This seems to be a common misunderstanding of ANTLR
:
Language Processing in ANTLR:
The Language Processing is done in two strictly separated phases:
- Lexing, i.e. partitioning the text into tokens
- Parsing, i.e. building a parse tree from the tokens
Since lexing must preceed parsing there is a consequence: The lexer is independent of the parser, the parser cannot influence lexing.
Lexing
Lexing in ANTLR works as following:
- all rules with uppercase first character are lexer rules
- the lexer starts at the beginning and tries to find a rule that matches best to the current input
- a best match is a match that has maximum length, i.e. the token that results from appending the next input character to the maximum length match is not matched by any lexer rule
- tokens are generated from matches:
- if one rule matches the maximum length match the corresponding token is pushed into the token stream
- if multiple rules match the maximum length match the first defined token in the grammar is pushed to the token stream
Example: What is wrong with your grammar
Your grammar has two rules that are critical:
FILEPATH: ('A'..'Z'|'a'..'z'|'0'..'9'|':'|'\'|'/'|' '|'-'|'_'|'.')+ ;
TITLE: ('A'..'Z'|'a'..'z'|' ')+ ;
Each match, that is matched by TITLE will also be matched by FILEPATH. And FILEPATH is defined before TITLE: So each token that you expect to be a title would be a FILEPATH.

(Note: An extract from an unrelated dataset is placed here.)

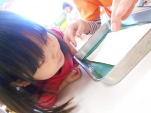 保育士やお友だちと一緒に歌を歌ったりお話したりと、いつも楽しそうないちご組さん♪
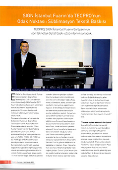 Tecpro, Tekstil Teknoloji Dergisi Eylül 2017 / Tecpro, Sign İstanbul da, Epson"un Son Teknoloji Dijital Baskı Çözümlerini Sunacak

There are two hints for that:
- keep your lexer rules disjunct (no token should match a superset of another).
- if your tokens intentionally match the same strings, then put them into the right order (in your case this will be sufficient).
- if you need a parser driven lexer you have to change to another parser generator: PEG-Parsers or GLR-Parsers will do that (but of course this can produce other problems).